Educate Your Employees

When it comes to refunds, educating employees is a must! After all, they are the ones dealing with customers and helping them get what’s owed. Knowing common types of returns and their potential pitfalls can help keep the process hiccup-free – leading to happy customers and satisfied employees. Investing in excellent customer service ensures that refunds are handled with friendliness, quickness, and accuracy so customers don’t feel let down by their experience or discouraged from shopping again.

Add Automation

No business enjoys processing returns, but it doesn’t have to be a chore. You can save time and energy by using an automated return management system. With these systems, labels are generated, items are tracked, and data is easily stored; the whole process is basically automated.

Automation can be a game changer for returns processing. Enabling faster, more accurate data capture and freeing up customer service teams to handle more pressing issues. Additionally, automation makes customers feel supported throughout their journey with packing, shipping, and tracking updates.

By removing manual administrative tasks, retailers and customers are more likely to communicate effectively, improving loyalty and lifetime value. The earlier you implement automation, the greater the chance of saving time and effort and preventing errors. So, come Q4, your returns won’t come back to haunt you since your data and inventory are updated.

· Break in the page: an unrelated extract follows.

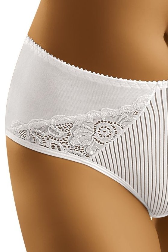 Tyto dámské kalhotky ocení každá žena, která má ráda bavlnu a chce se cítit pohodlně po celý den. Lehce vyšší střih hezky sedí, poskytne více jistoty v pase a přitom nepůsobí „těžce“. Žebrovaná pletenina dodává modelu moderní vzhled a zároveň zůstává příjemně měkká a prodyšná. Boky zdobí jemná krajka, která kalhotkám přidá elegantní, ženský akcent a opticky zjemní siluetu. Díky elastanu se prádlo dobře přizpůsobí postavě a drží tvar i při častém nošení.

Manage Inventory and Forecasting

There is no doubt that planning ahead of the holidays can make a big difference between your business’s success and failure during peak season. Keeping an eye on inventory levels is one of the most important things you can do to weather peak periods with the least disruption people.

Any sudden change in demand or return items will cause an even more significant snowball effect that will be hard to reverse. It doesn’t take a crystal ball to see out into the future, but it does take vigilance and a bit of savvy forecasting to do so. The more you prepare for the season, the more likely you will stay ahead of the competition.                                                                                            

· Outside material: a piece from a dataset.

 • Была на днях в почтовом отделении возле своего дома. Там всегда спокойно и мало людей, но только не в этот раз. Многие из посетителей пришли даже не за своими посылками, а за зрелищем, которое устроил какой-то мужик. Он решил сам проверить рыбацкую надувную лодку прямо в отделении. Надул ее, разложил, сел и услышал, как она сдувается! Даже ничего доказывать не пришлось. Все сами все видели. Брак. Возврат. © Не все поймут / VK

Consider Reverse Logistics Services

Third-party logistics providers (3PL), like ShipHero, provide software and automated tracking that goes beyond a typical WMS. When it comes to handling your returns like a pro, ShipHero’s open API and tracking capabilities offer limitless possibilities. 

You can rest easy knowing that Q4 won’t be a fright fest by having seamless integration with leading eCommerce and vendors. There’s no denying that returns present certain challenges, but with ShipHero, you get a warehouse management system that can adapt to these changes quickly. 

Time to Get a Head Start

It is a great time to get a head start on your Q4 financial results in Q1-Q3. If you plan carefully, understand returns, educate your customers, automate, and keep an eye on inventory, you can minimize any impact from returns in Q4. Keep these tips in mind to ensure your business remains profitable and successful all year long.